Jesli uwazacie, ze pvp sie nie nudzi to czemu nie gracie w DAoC ciagle? Czemu SB zdycha? Przeciez grafika nie jest najwazniejsza.
Mmorpg musi byc roznorodny, jak masz ochote klepiesz moby, innym razem masz ochote ponapierdalac sie z innymi graczami, innym razem cos pocampic, pofarmowac, pocraftowac, wyskoczyc na rajd z gildia itp
Jesli Darkfall wyjdzie kiedys i nie bedzie spieprzony na maxa to na 100% wykupie konto i was pogankuje troche.
Jednak narazie to jest dla mnie kolejna gra NA KTORA SIE CZEKA, od czasu kiedy zaczalem kiedys grac w AO (moj pierwszy mmo) bylo takich gier kilkanascie.

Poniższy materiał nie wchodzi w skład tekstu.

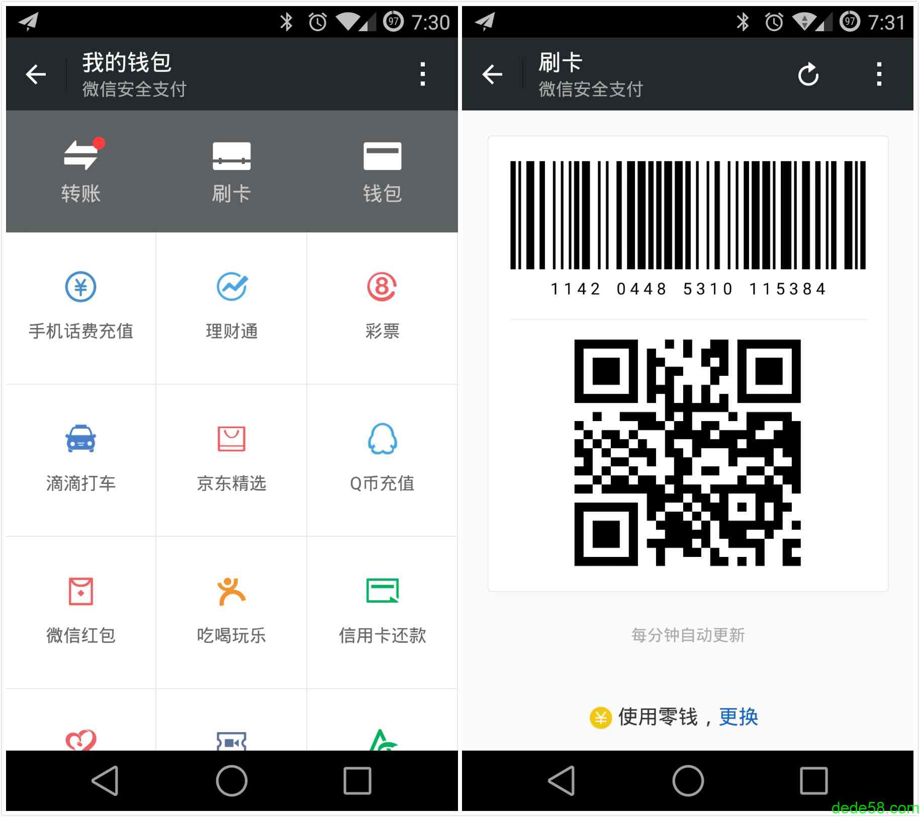 开启之后刷卡功能会以每分钟自动更新的条形码和二维码的方式展现,从而同时支持用户选择使用自己的微信钱包的余额,或者注册到该账户下的所有银行卡进行支付,理论上讲在线下零售商进行扫码支付前用户应该进行选择。而每分钟自动更新的条形码和二维码则为支付功能带来了一层额外的安全。

Zawsze wszystko fajnie sie zapowiada, fajne screeny, super plany devsow, rewolucyjnosc, tylko, ze z czasem silnik sie starzeje, screeny juz nie wygladaja tak fajnie na tle nowych gier, devsi pracuja i pracuja i w koncu, zeby uratowac choc troche kasy wypuszczaja gniota, z mase bugow i bez polowy rzeczy, ktre mialy byc takie rewolucyjne. Nie kazdy ma takie fundusze jak blizz, zeby spokojnie dac pracowac nad gra przez dlugie lata.
Sam czekalem na na Dark and Light, teraz wole sie dobrze bawic w FF XI, zamiast marzyc o grach, ktore sa fajne, ale tylko w opisach devsow.